The myth of being “well-read”

The idea of being “well-read” is aspirational to some students, terrifying or daunting to others, and utterly unattainable for all – there will always be more books to read and subjects to study. To be well-read by definition is to be “well-informed in a subject through reading” and “having read widely and attentively,” but who decides what being “well-read” actually looks like? Does it matter at all? The term, tracing back to the 16th century as “being learnéd,” became a status symbol for the wealthy who could afford private teachers. For several centuries, the right to education or the ability to fund one was reserved primarily for the white upper-class man and largely exclusionary to those outside of this circle, such as women or minority ethnic groups.

At its core, being “well-read” is an ambiguous term that attributes having access to books and personal education with being intelligent, smarter, or more knowledgeable than other people who have not read as widely. Quite frankly, the term ignores the various social, political, and economic factors that serve as barriers to becoming “well-read” even today.

Socioeconomic backgrounds can impact the physical and monetary accessibility of written material, and thus may limit someone’s access to being “well-read.” The presence of large libraries, whether inner city or rural, does not ensure people always have the time or ability to access them.

That being said, in a globalized age, online library databases have removed the need for physically being in a library to access materials.
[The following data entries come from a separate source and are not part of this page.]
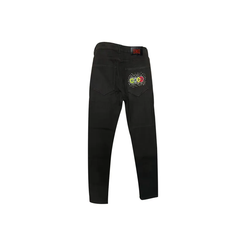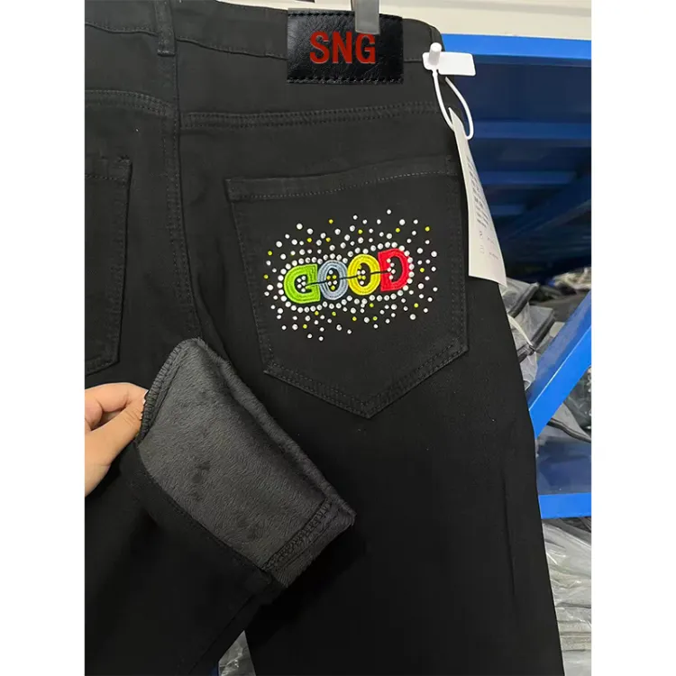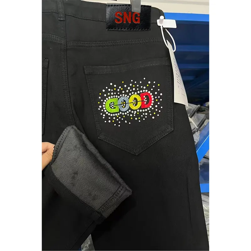 SHIJINGZU Черный [10 000 игл вышивка флис с подкладкой] Нет логотип унисекс джинсы
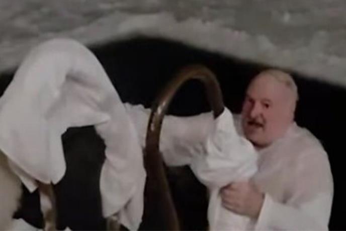 Predsednik Belorusije Aleksandar Lukašenko učestvovao je u tradicionalnom bogojavljenskom kupanju u ledenoj vodi, uprkos niskim temperaturama.
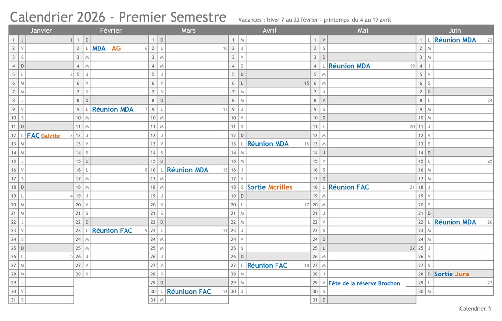 Activités***************************************************************FAC : Faculté des Sciences réunion à 18h00 -MDA : Maison des Associations réunion à 17h00Calendrier des activités du 1er semestre 2026
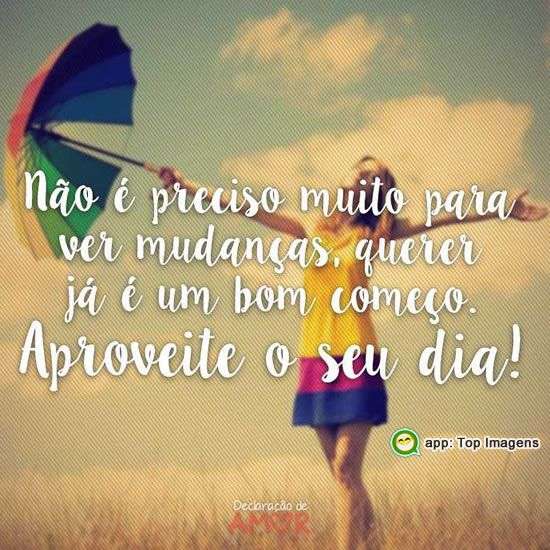 Não é preciso muito para ver mudanças, querer já é um bom começo. Aproveite o seu dia!
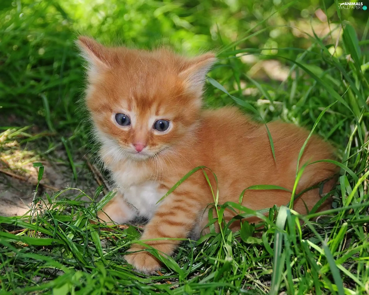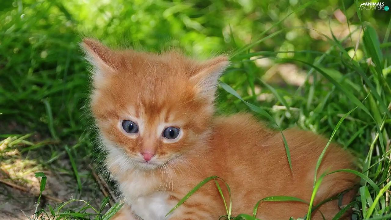 small, kitten, grass, ginger
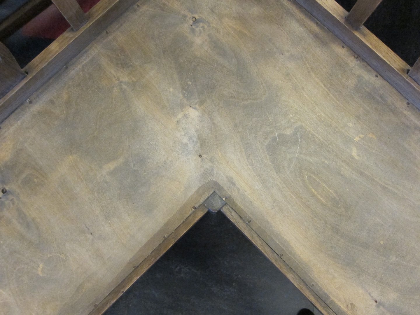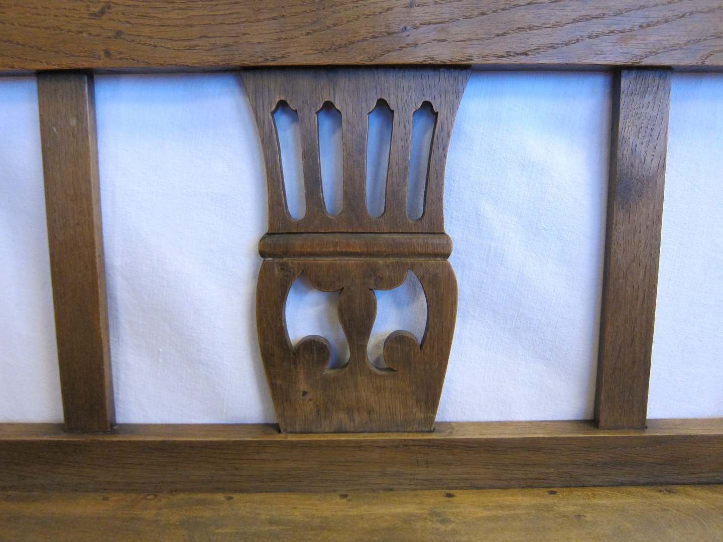Hjørnebænk, med smukt dekoreret ryg

But, this shift towards digitalisation, while positive at first glance, comes with challenges of its own – not everyone has access to the internet and often online libraries can be hidden behind paywalls. There are still numerous barriers to having the opportunity to read more widely.

What does “well-read” even look like? The books that loosely and arbitrarily define being “well-read” vary from subject to subject, but generally fall back on canon material or “the classics” that are so often revered by academics. For example, a literature student could associate being “well-read” with names like Jane Austen, Leo Tolstoy, and William Wordsworth, but the same would not apply to philosophy or physics. Not to mention, these canons were created by and for Western academics – Eurocentric histories have been prioritised, impacting a larger global, cultural, and social awareness of non-European or non-white history, intellectualism, and authorship.

At the end of the day, “well-read” doesn’t describe a specific skill or knowledge set. It is ambiguously used to display a person’s intelligence linking back to classist and imperial ideas of supremacy.